DESCRIPTION OF THE TASK: Beneath this line are entries. Copy the range from the line with "서울지방경찰청 교통범죄수사팀이 경부고속도로" to the line with "Single Pole Double", ends included, exactly; leave pictures out.

++++ MATERIAL SHOWN ++++

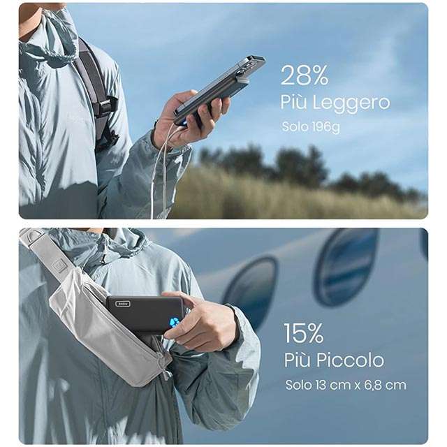 Può tornare utile per ricaricare smartphone, tablet, auricolari, smartwatch e qualsiasi altro dispositivo tecnologico. È dotato di una porta USB-C utilizzabile sia in ingresso che in uscita oltre a due altre USB-A. Tra i punti di forza vale la pena segnalare il design ultrasottile con uno spessore di soli 1,5 centimetri. La sicurezza è garantita dall’impiego del sistema SmartProtect che interrompe ogni operazione in caso di anomalia. Puoi trovare altre informazioni nella pagina dedicata sull’e-commerce, dove l’articolo ha ricevuto più di 50.000 recensioni positive con un voto medio molto alto, superiore a 4/5 stelle.
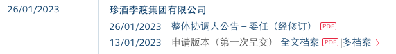 2023年1月13日,珍酒李渡集团有限公司(简称为“珍酒李渡”)向港交所递交招股书,拟登陆港交所主板,是首家赴港上市的白酒企业。
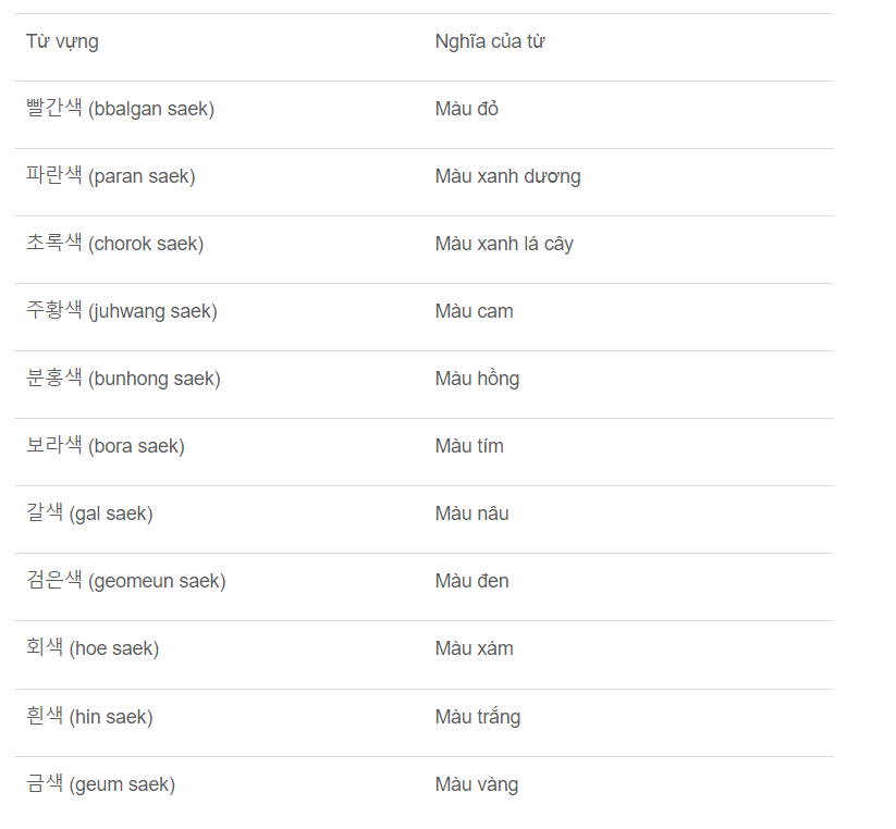 4. Từ vựng tiếng Hàn chủ đề màu sắc
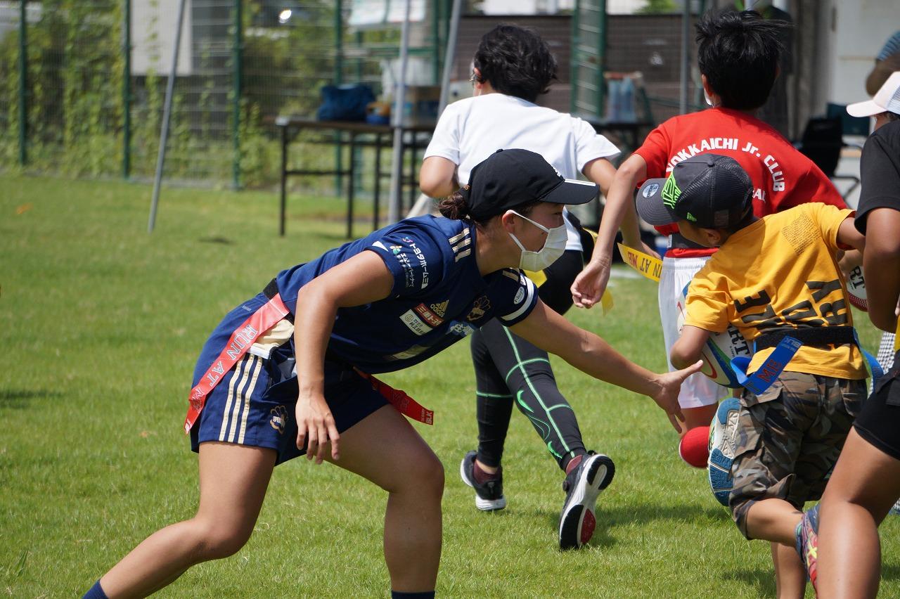 ゲームの後には、PEARLSの選手たちによる激しいタックルのデモンストレーションで盛り上がり、子どもたちもタックルやキックに挑戦し、盛りだくさんの内容で体験教室を終えました。暑い中元気いっぱいに参加してくれた皆さんには心より感謝申し上げます。PEARLSの選手・スタッフも皆さんから元気をいただき、とても楽しい時間を共有させていただきました。
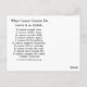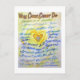 Carte postale inspirante d'art du cancer avec la peinture d'ange coeur bleu et or. L'art comprend le poème "Ce que le cancer ne peut pas faire". Le poème complet sur le cancer est également au verso de la carte. Customisez les cartes pour notes du poème sur le cancer, angel, pour faire des cadeaux personnalisés contre le cancer. Les cartes postales sont également bonnes pour les promenades en équipe contre le cancer ou d'autres événements de sensibilisation au cancer ou de collecte de fonds. Ce que le cancer ne peut pas faire Le cancer est si limité... Cela ne peut pas paralyser l'amour. Elle ne peut briser l'espoir. Elle ne peut pas corroder la foi. Il ne peut pas détruire la paix. Il ne peut pas tuer l'amitié. Il ne peut pas supprimer les souvenirs. Il ne peut pas réduire au silence le courage. Il ne peut pas envahir l'âme. Il ne peut voler la vie éternelle. Il ne peut pas conquérir l'esprit. -Auteur inconnu
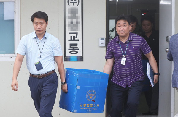 서울지방경찰청 교통범죄수사팀이 경부고속도로 신양재나들목 인근에서 발생한 광역버스 졸음운전 사상사고와 관련, 11일 오산시 해당 버스업체 사무실을 압수수색하고 압수품을 들고 나오고 있다./연합뉴스
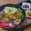 A flavorful noodle soup with herbs, spices, and crispy elements, served in a rich broth. (For ref only)
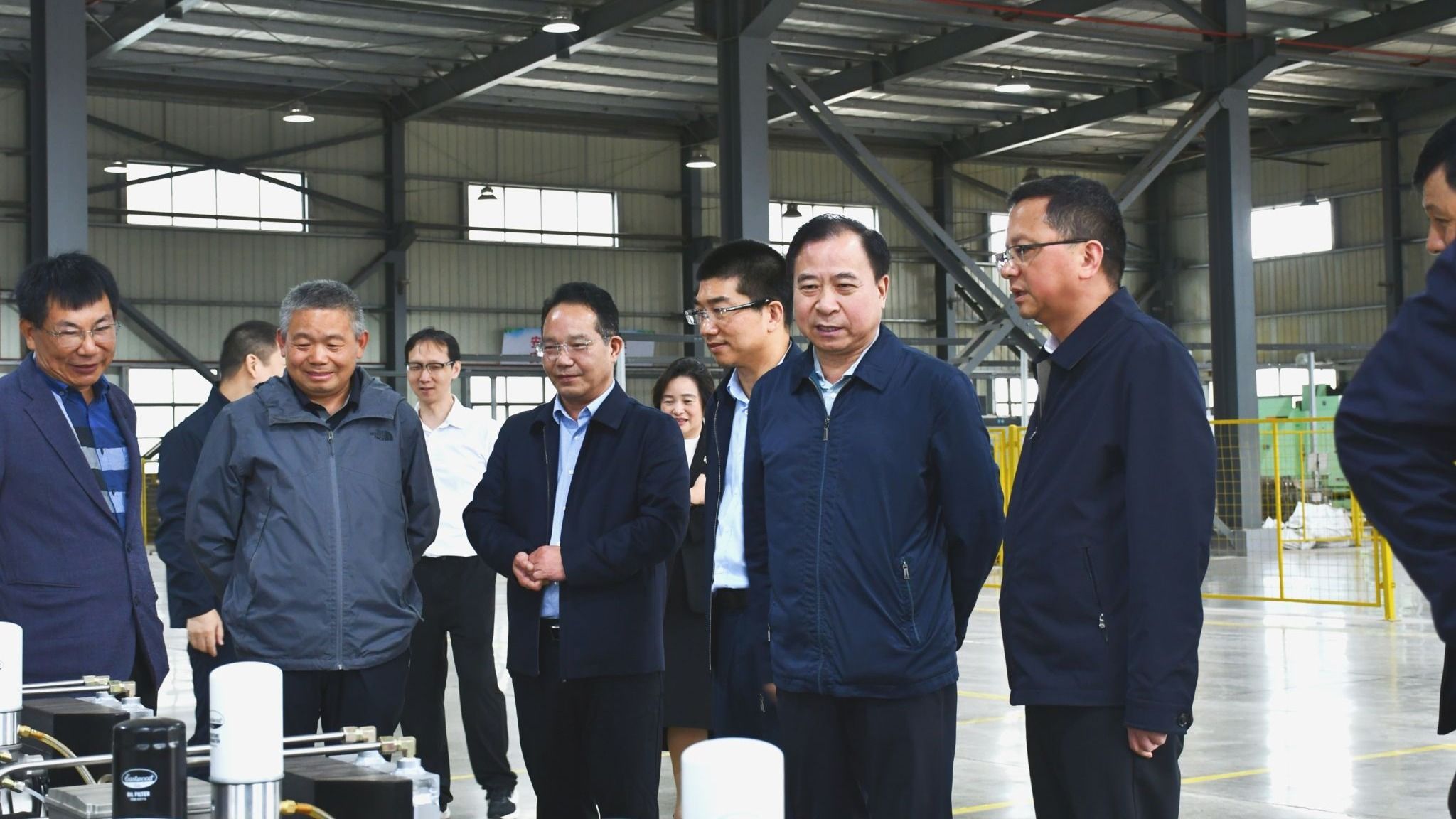 座谈会结束后,孙国胜一行在陈宏斌陪同下参观了和丰机电生产车间。
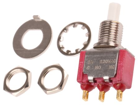 Single Pole Double Throw (SPDT) Momentary Push Button Switch, Panel Mount [8121SHZGE]; 516-160
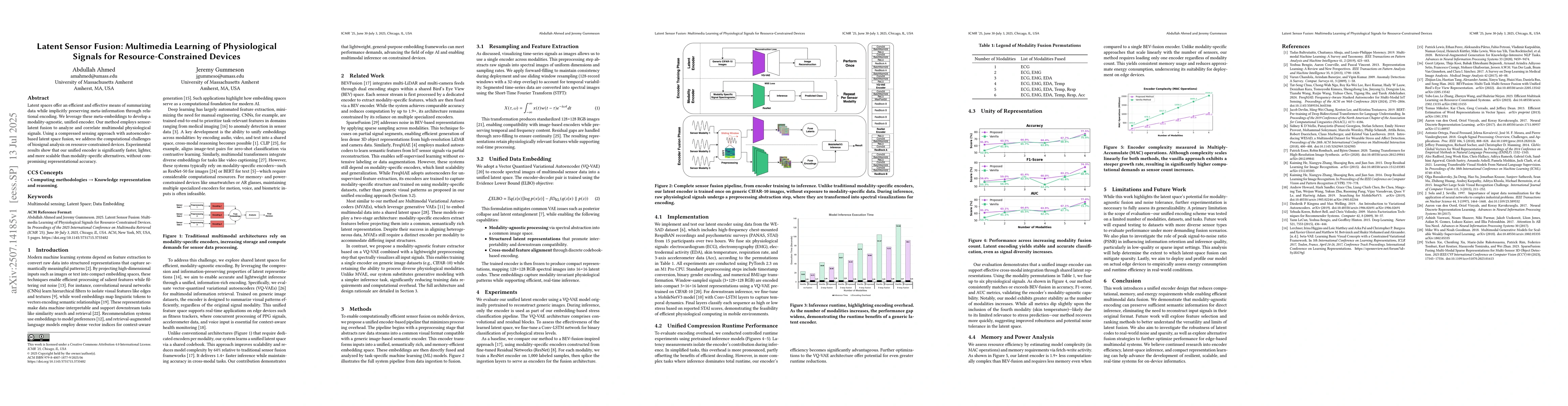 Latent spaces offer an efficient and effective means of summarizing data while implicitly preserving meta-information through relational encoding. We leverage these meta-embeddings to develop a modality-agnostic, unified encoder. Our method employs sensor-latent fusion to analyze and correlate multimodal physiological signals. Using a compressed sensing approach with autoencoder-based latent space fusion, we address the computational challenges of biosignal analysis on resource-constrained devices. Experimental results show that our unified encoder is significantly faster, lighter, and more scalable than modality-specific alternatives, without compromising representational accuracy.

++++

EXERCISE OUTPUT:
 서울지방경찰청 교통범죄수사팀이 경부고속도로 신양재나들목 인근에서 발생한 광역버스 졸음운전 사상사고와 관련, 11일 오산시 해당 버스업체 사무실을 압수수색하고 압수품을 들고 나오고 있다./연합뉴스
 A flavorful noodle soup with herbs, spices, and crispy elements, served in a rich broth. (For ref only)
 座谈会结束后,孙国胜一行在陈宏斌陪同下参观了和丰机电生产车间。
 Single Pole Double Throw (SPDT) Momentary Push Button Switch, Panel Mount [8121SHZGE]; 516-160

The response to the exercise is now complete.